[Items from a data source]
■ ■ ■ ■

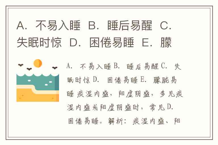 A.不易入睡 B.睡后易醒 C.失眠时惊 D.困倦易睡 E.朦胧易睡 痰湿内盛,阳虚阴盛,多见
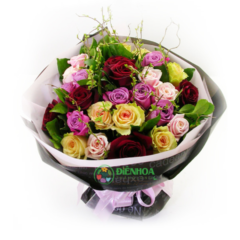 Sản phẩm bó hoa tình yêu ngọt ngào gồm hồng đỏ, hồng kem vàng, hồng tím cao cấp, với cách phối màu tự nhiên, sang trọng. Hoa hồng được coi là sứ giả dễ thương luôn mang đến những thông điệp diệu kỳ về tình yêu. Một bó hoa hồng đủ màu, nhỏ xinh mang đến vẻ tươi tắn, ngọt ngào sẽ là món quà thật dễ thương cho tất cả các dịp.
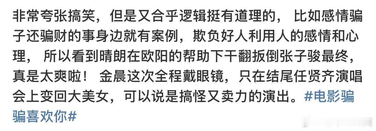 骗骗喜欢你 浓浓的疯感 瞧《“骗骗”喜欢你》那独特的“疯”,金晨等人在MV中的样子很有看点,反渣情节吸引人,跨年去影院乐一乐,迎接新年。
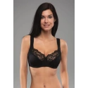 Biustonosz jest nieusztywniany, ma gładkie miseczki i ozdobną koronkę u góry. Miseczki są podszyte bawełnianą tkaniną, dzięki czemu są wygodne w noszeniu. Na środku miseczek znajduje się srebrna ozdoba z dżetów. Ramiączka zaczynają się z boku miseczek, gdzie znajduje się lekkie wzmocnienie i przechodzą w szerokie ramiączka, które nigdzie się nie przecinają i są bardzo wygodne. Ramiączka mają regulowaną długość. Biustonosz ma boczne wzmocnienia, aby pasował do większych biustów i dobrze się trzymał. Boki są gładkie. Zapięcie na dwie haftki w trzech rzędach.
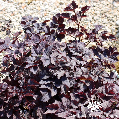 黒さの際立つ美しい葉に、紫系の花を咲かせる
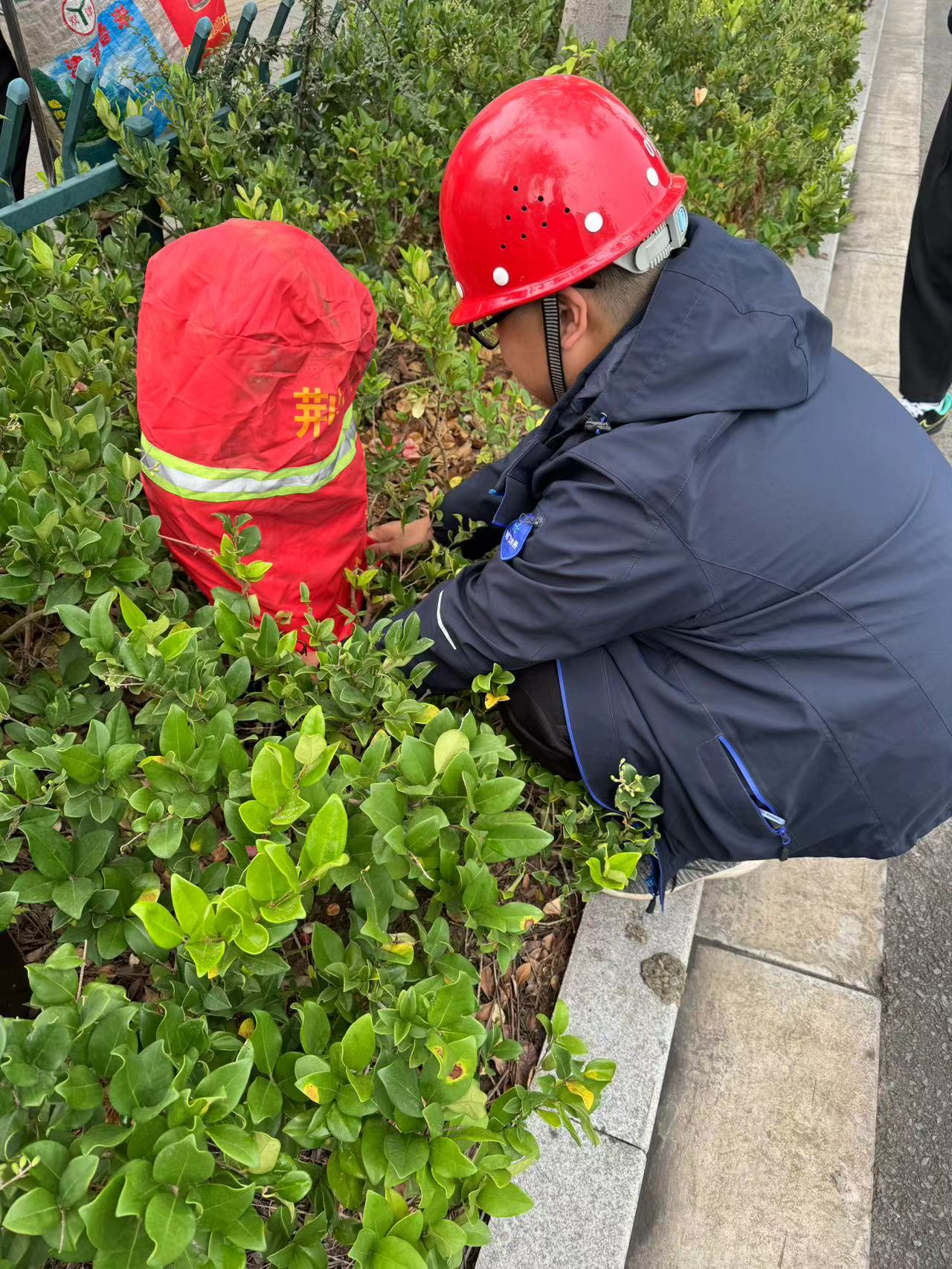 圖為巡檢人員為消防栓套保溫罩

■ ■ ■ ■

## What to produce
Repeat every entry above precisely, leaving each picture out.

## Exercise output
 A.不易入睡 B.睡后易醒 C.失眠时惊 D.困倦易睡 E.朦胧易睡 痰湿内盛,阳虚阴盛,多见
 Sản phẩm bó hoa tình yêu ngọt ngào gồm hồng đỏ, hồng kem vàng, hồng tím cao cấp, với cách phối màu tự nhiên, sang trọng. Hoa hồng được coi là sứ giả dễ thương luôn mang đến những thông điệp diệu kỳ về tình yêu. Một bó hoa hồng đủ màu, nhỏ xinh mang đến vẻ tươi tắn, ngọt ngào sẽ là món quà thật dễ thương cho tất cả các dịp.
 骗骗喜欢你 浓浓的疯感 瞧《“骗骗”喜欢你》那独特的“疯”,金晨等人在MV中的样子很有看点,反渣情节吸引人,跨年去影院乐一乐,迎接新年。
 Biustonosz jest nieusztywniany, ma gładkie miseczki i ozdobną koronkę u góry. Miseczki są podszyte bawełnianą tkaniną, dzięki czemu są wygodne w noszeniu. Na środku miseczek znajduje się srebrna ozdoba z dżetów. Ramiączka zaczynają się z boku miseczek, gdzie znajduje się lekkie wzmocnienie i przechodzą w szerokie ramiączka, które nigdzie się nie przecinają i są bardzo wygodne. Ramiączka mają regulowaną długość. Biustonosz ma boczne wzmocnienia, aby pasował do większych biustów i dobrze się trzymał. Boki są gładkie. Zapięcie na dwie haftki w trzech rzędach.
 黒さの際立つ美しい葉に、紫系の花を咲かせる
 圖為巡檢人員為消防栓套保溫罩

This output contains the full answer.